### WHAT NEEDS TO BE DONE
Can you transcribe the data exactly? Leave the pictures out.

### DATASET CONTENT
....
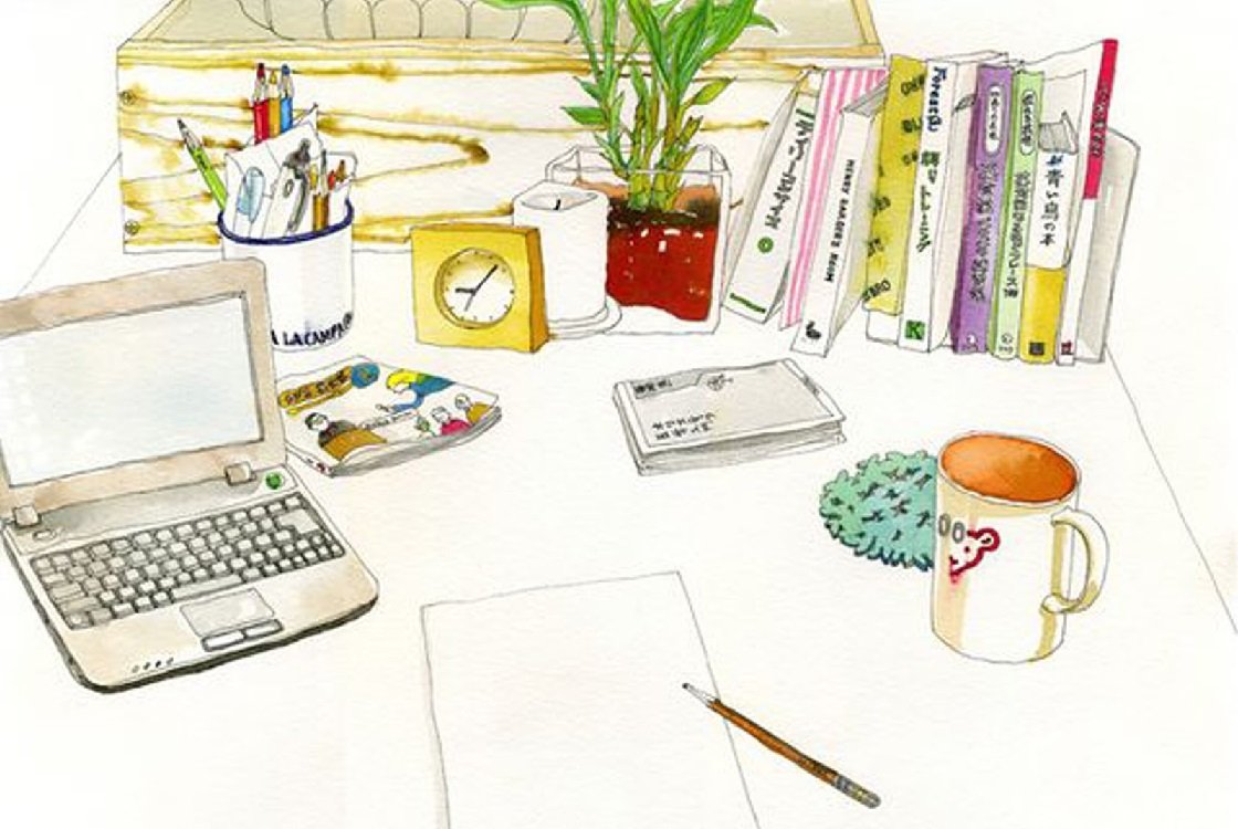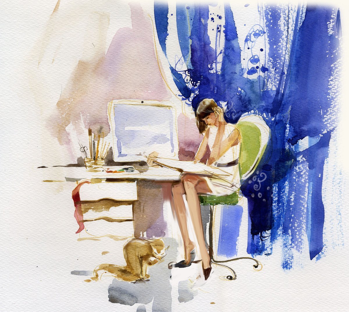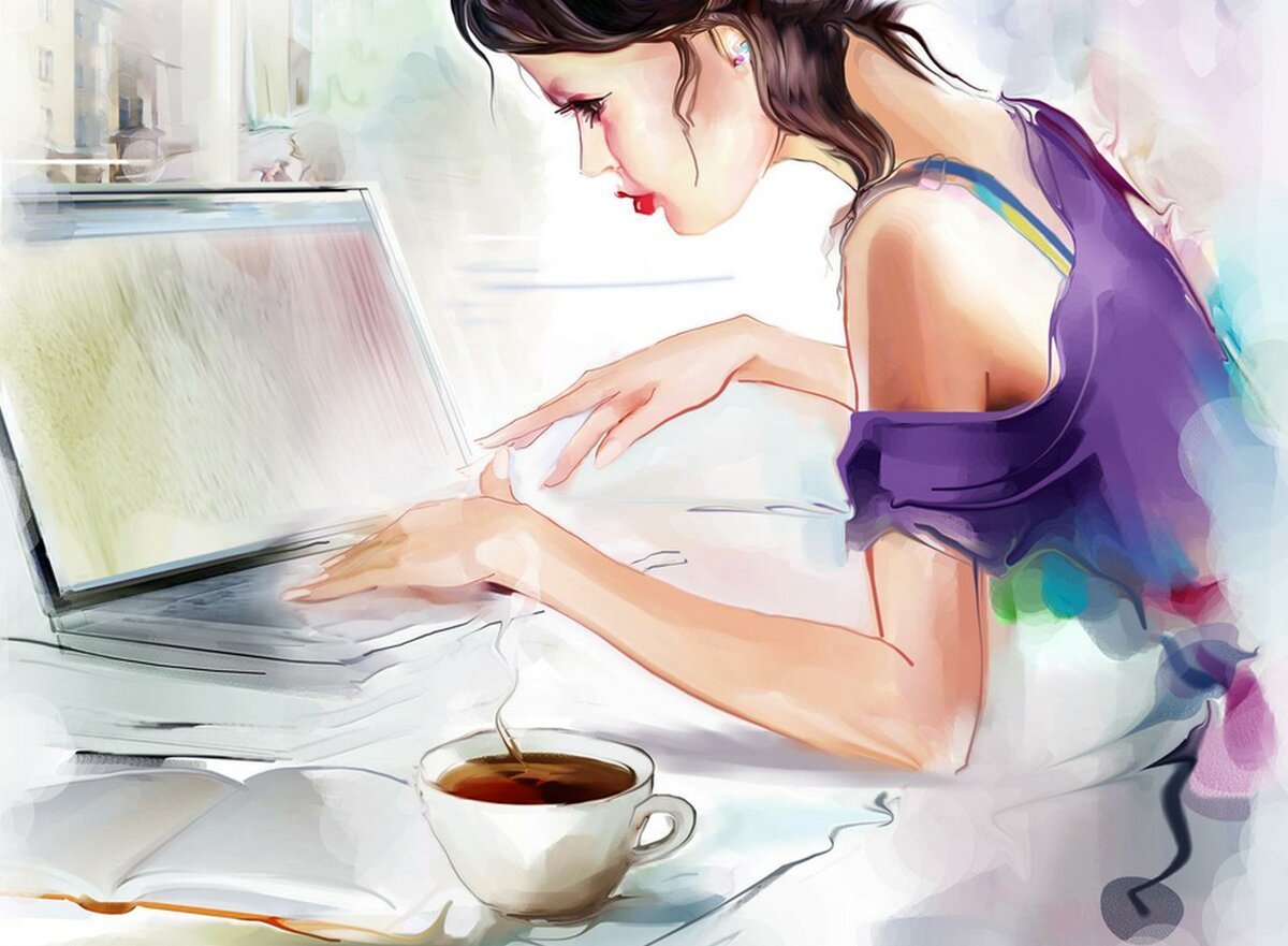 ![Девушка с ноутбуком акварель]()
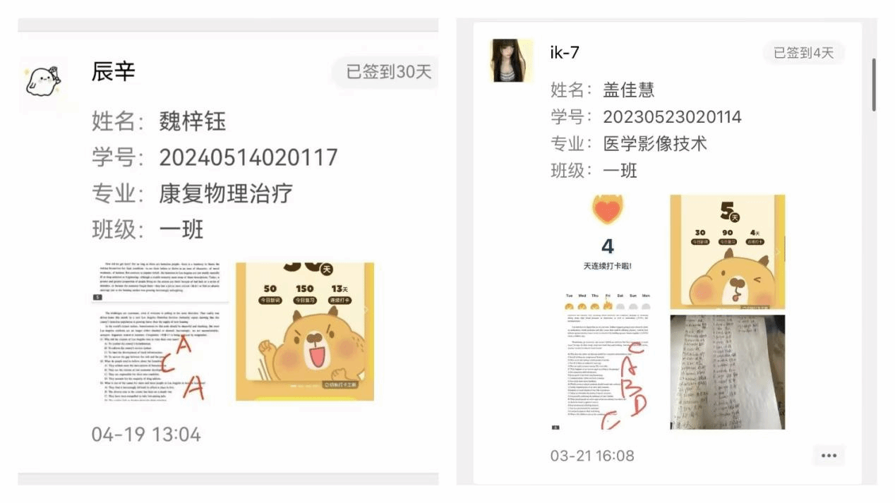 本次活动自启动以来,吸引了众多同学的积极参与,本次学习打卡活动共持续30天,参与人数近200人。参与活动之初,大多数学生只是抱着尝试的心态,但随着每日坚持打卡学习,从基础的单词背诵、听力练习,再到短文写作,在日复一日的积累中,发现自己的英语能力得到了显著提升,不仅词汇量有了明显增加,阅读英文文章时变得更加轻松自如,同时也养成了良好的英语学习习惯。
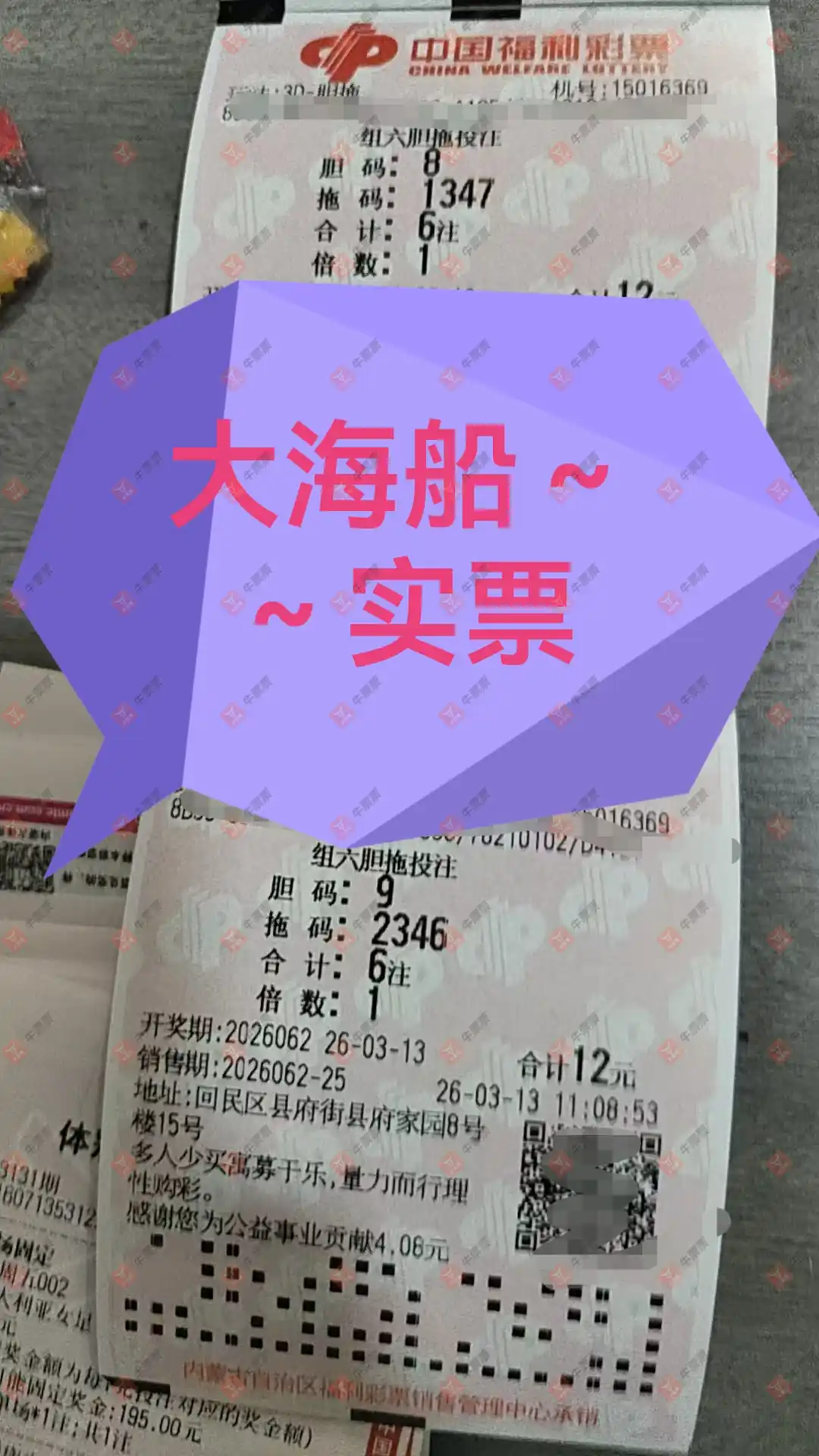 晒中🌈🌈🌈注:晒出部分个人实票,今期网上购买于~内蒙古区(正在举行派奖活动中)内实体店,并非抄袭、或搬运不是自买的票面参加晒票娱乐…。☀☀☀3D:今期个人看好胆码~789,组六形态,参考杀码~5。 💥💥💥玩彩有风险,理性参考。
....
### EXERCISE ANSWER
 ![Девушка с ноутбуком акварель]()
 本次活动自启动以来,吸引了众多同学的积极参与,本次学习打卡活动共持续30天,参与人数近200人。参与活动之初,大多数学生只是抱着尝试的心态,但随着每日坚持打卡学习,从基础的单词背诵、听力练习,再到短文写作,在日复一日的积累中,发现自己的英语能力得到了显著提升,不仅词汇量有了明显增加,阅读英文文章时变得更加轻松自如,同时也养成了良好的英语学习习惯。
 晒中🌈🌈🌈注:晒出部分个人实票,今期网上购买于~内蒙古区(正在举行派奖活动中)内实体店,并非抄袭、或搬运不是自买的票面参加晒票娱乐…。☀☀☀3D:今期个人看好胆码~789,组六形态,参考杀码~5。 💥💥💥玩彩有风险,理性参考。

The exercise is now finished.